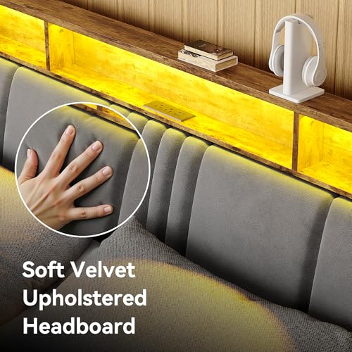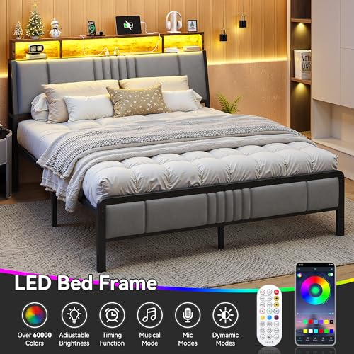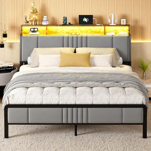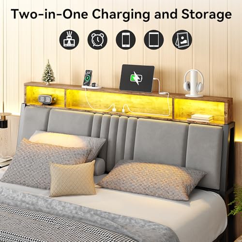 Queen Size Bed Frame with Storage Headboard and Charging Station, Ergonomic Platform Bed Frame with LED Lights, Strong Metal Slat Support, No Box Spring Needed, Noise Free, Grey
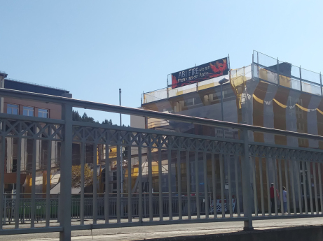 Motto-Transparent der Abiturientia 2019 über den "Ruinen" des Gebäudes (Brand 11/2018).
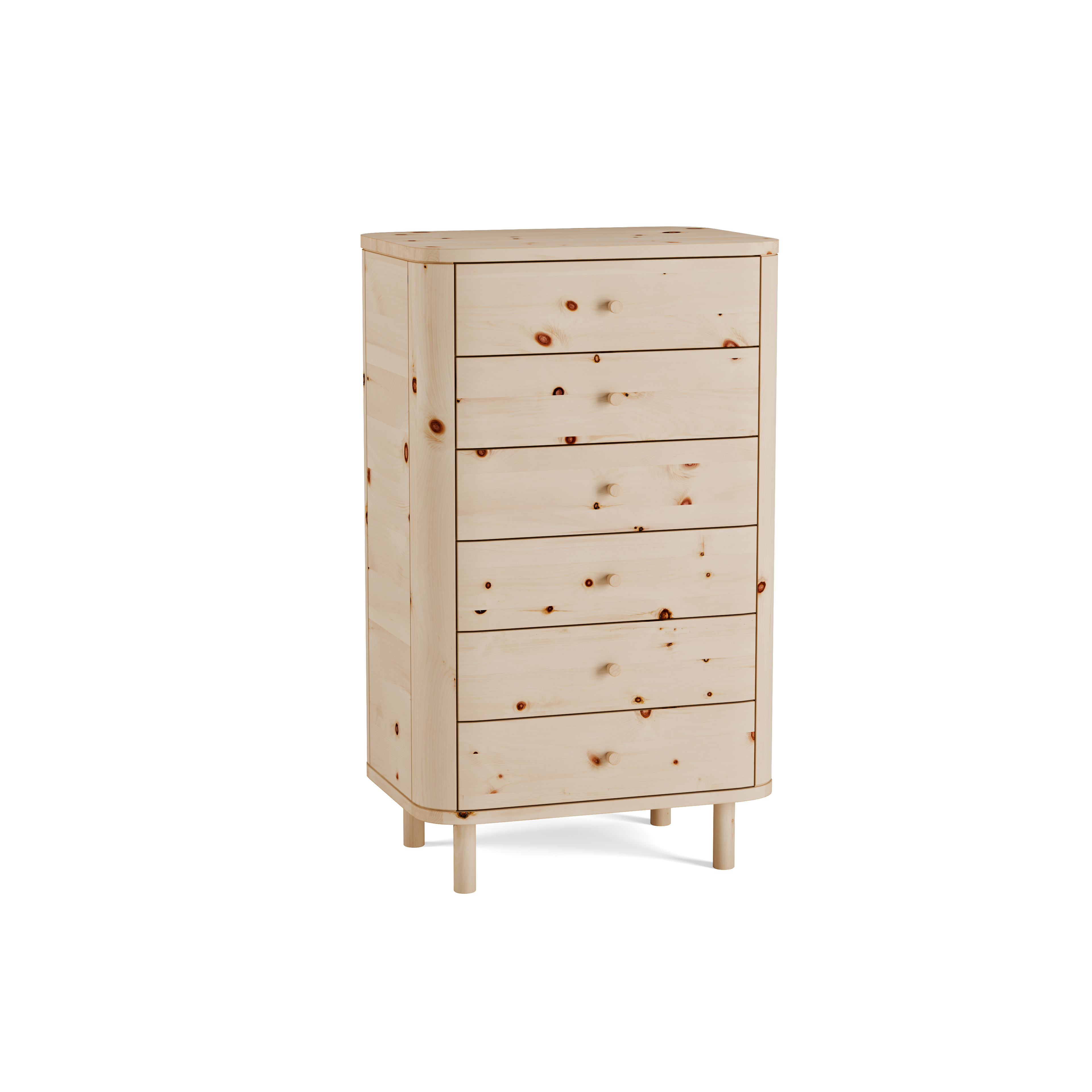 Mit seinen 6 geräumigen Schubladen bietet der Schrank viel Stauraum, beansprucht mit 60 cm Breite und 42 cm Tiefe aber nur eine kleine Aufstellfläche.
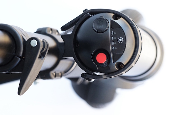 續(xù)航時間應該是用戶最關心的一個問題了。車子這么小,續(xù)航時間自然大不了哪里去,但是也是夠用了。電池上有個面板,可以通過按紅色按鈕打開或關閉馬達,并配有 LED 燈來顯示剩余電量。考慮到車子整體的大小,電池的設計也很小巧,而且易于拆卸,這個保溫杯大小的電池能為 A-Bike 提供 25 公里的續(xù)航,充一次用來上下班足夠了吧。
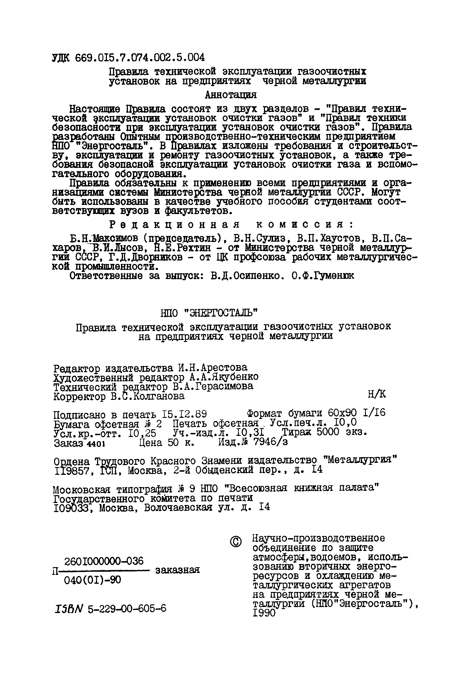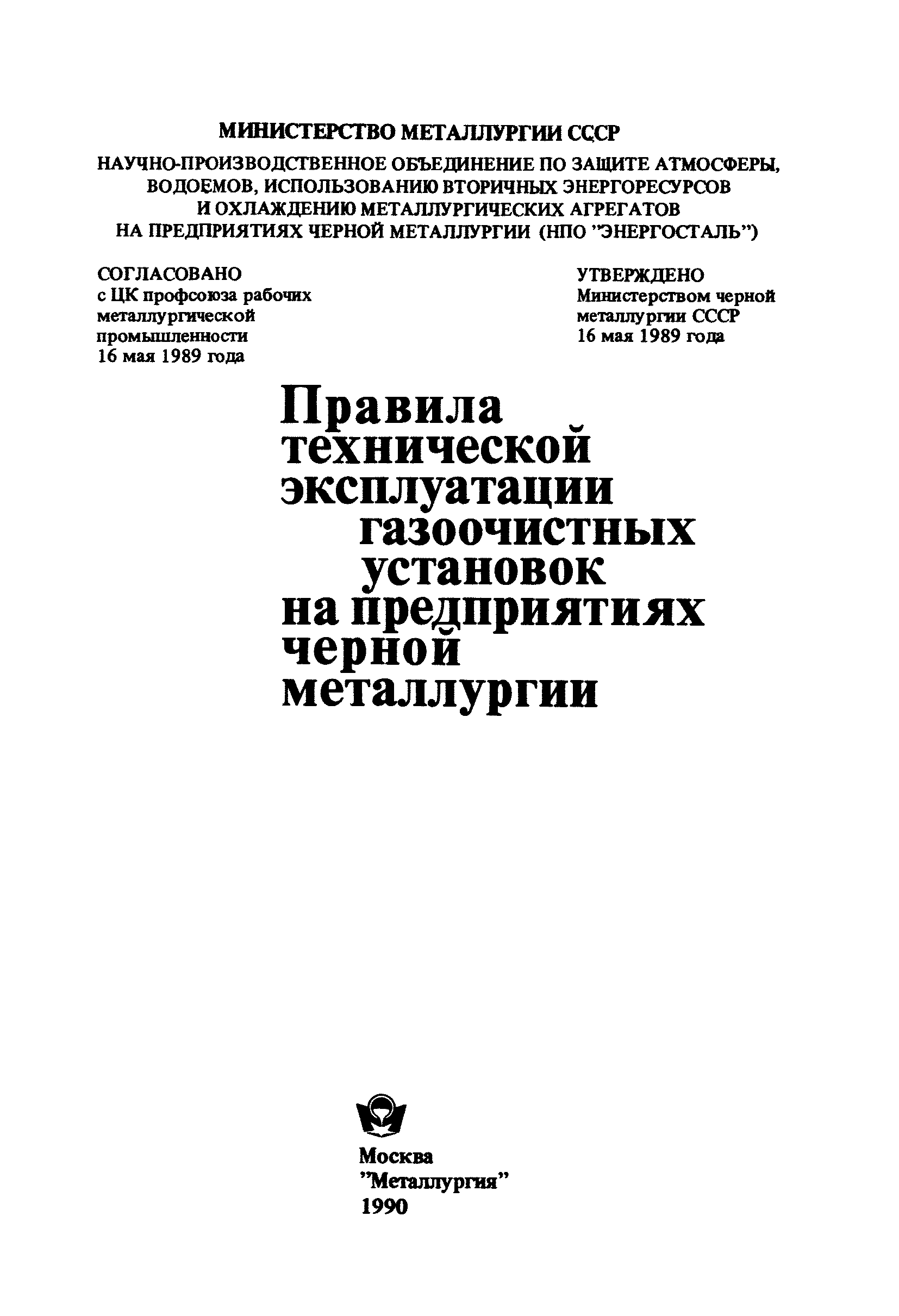 | Название рус.: | Правила технической эксплуатации газоочистных установок на предприятиях черной металлургии |
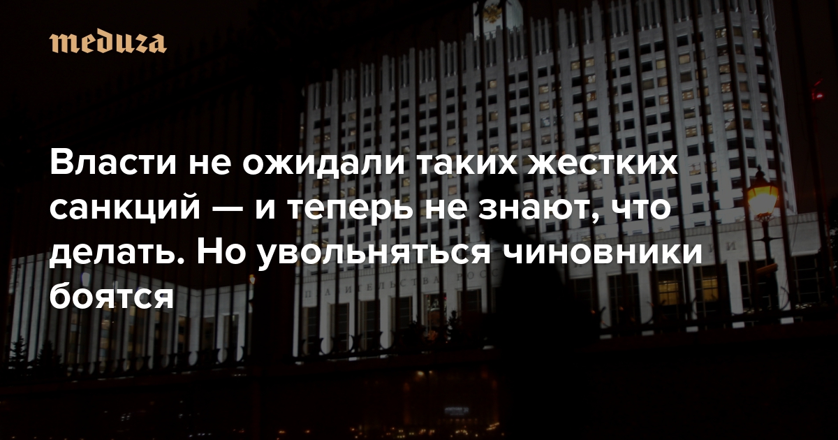 Власти не ожидали таких жестких санкций — и теперь не знают, что делать. Но увольняться чиновники боятся: «Это приравнивается к бегству, а за бегство — расстреливают» Что говорят источники «Медузы»
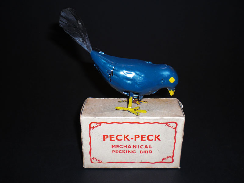 Dark blue Pecking Bird Box with red letter
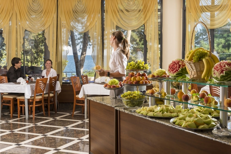 Az all inclusive svédasztalos reggelit, ebédet és vacsorát, későn kelő reggelit, délutáni harapnivalókat, kávét/teát és süteményt, fagylaltot és helyi alkoholos és alkoholmentes italokat tartalmaz 10:00 és 23:00 óra között.
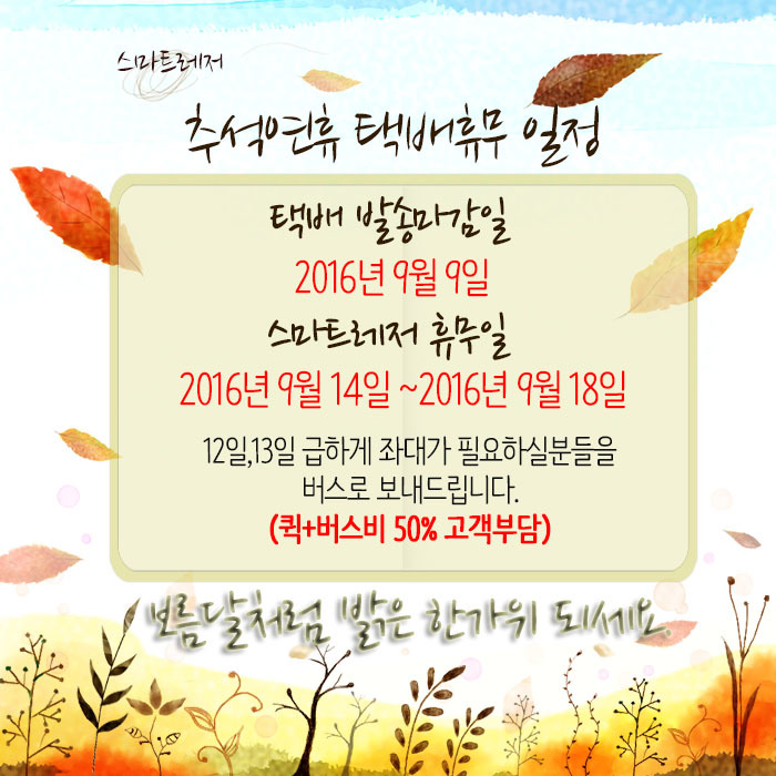 2016년 추석연휴 택배휴무일 작성자스마트붕어|작성시간16.09.02|조회수115 목록 댓글 0 글자크기 작게가 글자크기 크게가 다음검색 현재 게시글 추가 기능 열기 북마크 공유하기 신고 센터로 신고 댓글 댓글 0 댓글쓰기 답글쓰기 댓글 리스트

□ □ □

WHAT IS BEING ASKED:
Please reproduce exactly, and nothing more, the lines from the one containing "Власти не ожидали" through the last line of the entries, both included; pictures stay out.

OUTPUT FOR THIS TASK:
 Власти не ожидали таких жестких санкций — и теперь не знают, что делать. Но увольняться чиновники боятся: «Это приравнивается к бегству, а за бегство — расстреливают» Что говорят источники «Медузы»
 Dark blue Pecking Bird Box with red letter
 Az all inclusive svédasztalos reggelit, ebédet és vacsorát, későn kelő reggelit, délutáni harapnivalókat, kávét/teát és süteményt, fagylaltot és helyi alkoholos és alkoholmentes italokat tartalmaz 10:00 és 23:00 óra között.
 2016년 추석연휴 택배휴무일 작성자스마트붕어|작성시간16.09.02|조회수115 목록 댓글 0 글자크기 작게가 글자크기 크게가 다음검색 현재 게시글 추가 기능 열기 북마크 공유하기 신고 센터로 신고 댓글 댓글 0 댓글쓰기 답글쓰기 댓글 리스트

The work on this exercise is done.